A. There are two types of lasers used for etching or scribing (laser engraving) metal surfaces. YAG (for yttrium, aluminum, garnet) is a crystalline, solid-state laser that emits a wavelength of 1.064 micrometers (1064 nanometers). This type of laser is capable of scribing right through the anodic coating to the bare substrate underneath. Turning the power to maximum will determine how deep the engraving is and how rough it leaves the metallic surface. The anodic coating can be removed in this process. Operating on a very low power setting, the YAG laser may be capable of removing “color” from an anodic coating without removing the coating.

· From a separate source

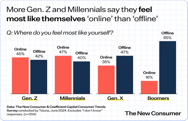 - The New Consumer. Consumer Trends Highlights: More Gen Z and Millennials say they feel most like themselves “online” than “offline”. (2024). Retrieved from https://newconsumer.com/2024/09/consumer-trends-highlights-digital-natives-tiktok-china-food-as-medicine/
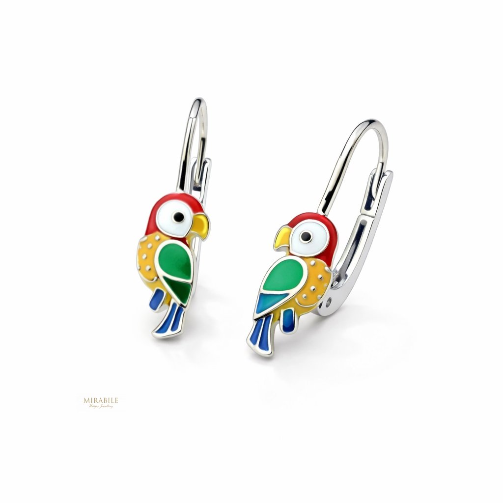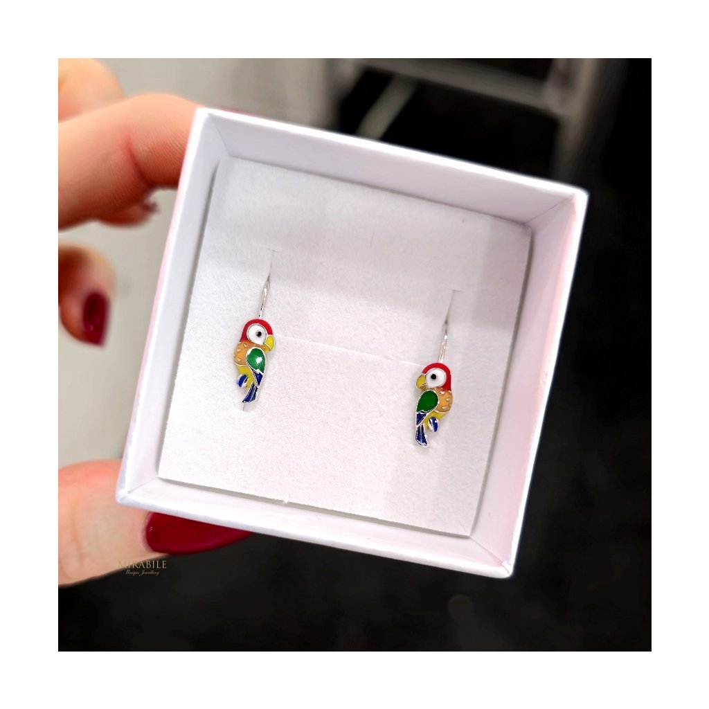 Veselé detské náušnice v tvare papagája si zamilujú malé aj väčšie deti. Detailne spracovaný motív je zdobený farebným smaltom v žiarivých odtieňoch červenej, žltej, zelenej a modrej, ktoré pôsobia hravo a optimisticky.

The other type of laser engraver uses a combination of gases (carbon dioxide, nitrogen and helium) to emit a wavelength of 10.6 micrometers, which is virtually the same as that of aluminum. In this case, the engraving mechanism absorbs the dyed color in the anodic coating. The color is removed, but no anodic coating is actually removed. The rate of absorption of the color from the anodic coating is determined by the anodic coating thickness and the power output of the laser. The color is more quickly absorbed in thinner coatings and less quickly in thicker coatings. If you had a black anodized coating, for instance, the laser absorbs the black color, leaving the aluminum color “engraved” anodic surface. If the coating is clear, the engraved results may be a mixed bag. With clear anodic coatings, the depth of color (usually shades of gray) is dependent on both the alloy and temper of the part being engraved, as well as the anodic coating thickness. Generally, the more coating thickness, the darker the clear color.

Test the integrity of the anodic coating of the engraved areas with a continuity meter. No continuity indicates the anodic coating has not been removed and continuity indicates the coating has been removed.